Basically openssh gained support to sign certificates with private keys reachable via the ssh-agent, this works transparently with gpg-agent's ssh agent protocol implementation + an openpgp smartcard.

Also the ability to specify additional certificates on the command line solved the issue for us.

I was about the write that we will abandon the patch since it's no longer needed with a recent openssh.

Hi!

Im sorry but Im not really following. 

If I have a private key loaded from a PKCS#11 token, how do I load the corresponding certificate into the agent?

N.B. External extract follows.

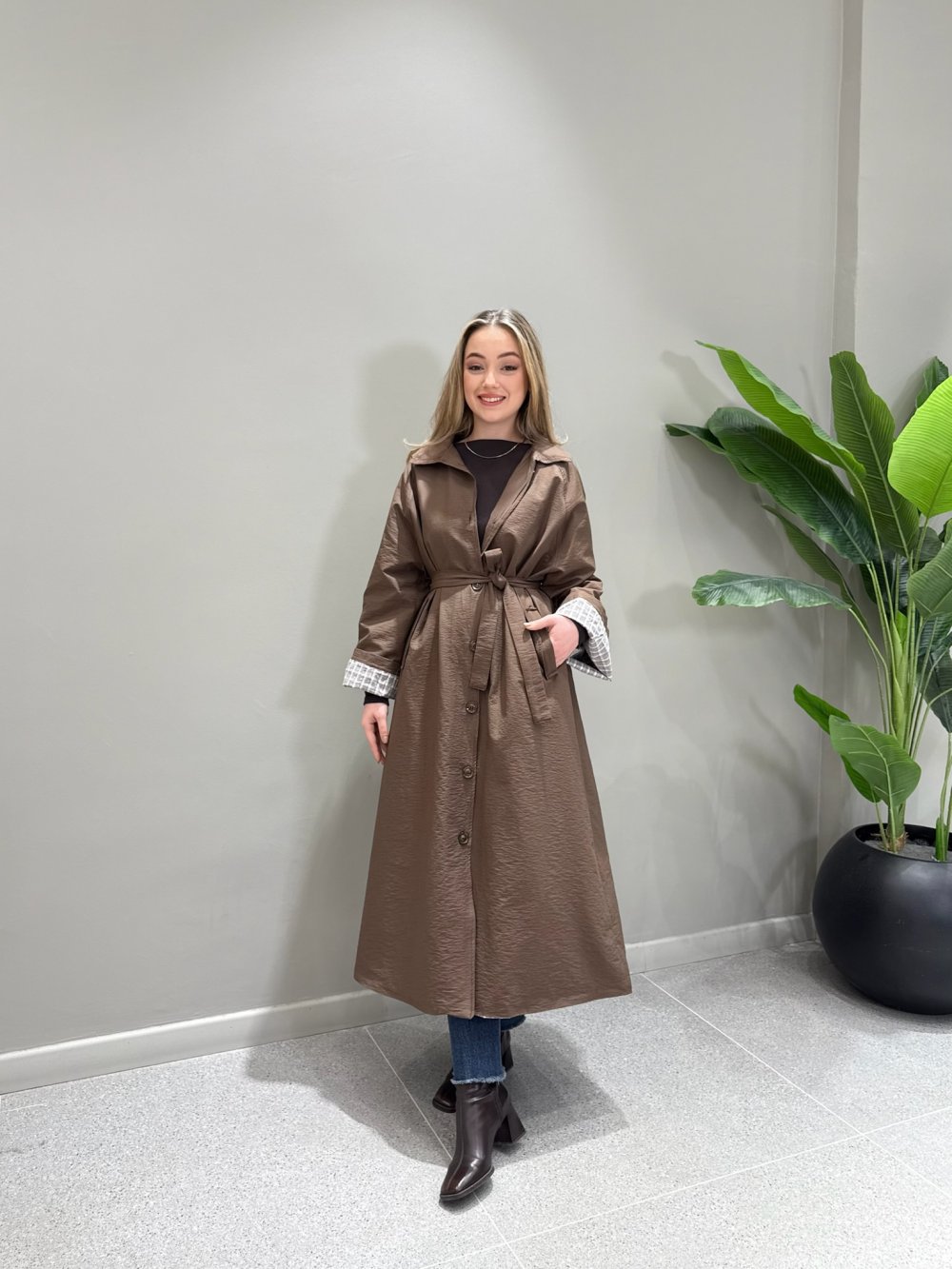 Ürünümüz paraşüt kumaştan üretilmiştir. Klasik yaka, boydan düğmeli, aktif iki cepli, ekose desenli astarlı olup seyyar kuşakla birlikte gönderilmektedir.

Cant find anything about it in the ssh-add manual.

Thanks for your help.

/Peter.

From what I understand, currently the ssh-agent can work with certificate keys that are available locally to the client.

The issue is that they can not be added to the agent with the keys on smartcard so both of them could be atomically forwarded to be used on remote hosts, which was one of the requests in this bug (comment #11).

Clearly updating this will require updating also the ssh-agent protocol [1] and other tools talking this protocol if we do not want to break time (draft is already expired). The question is if is reasonable to extend the protocol this way or the extension negotiation mechanism (since it is available) should be used. The protocol is already used for a long time, but no official RFC is out so 

[1] https://tools.ietf.org/html/draft-miller-ssh-agent-02

Yes, thats what I do today. I distribute my certificate files so that are available locally on all machines that I need it. But thats not a very scalable solution.

If you are using a combination of PKCS#11 tokens, agent forwarding and certificates this is to my knowledge to only way to go for the moment.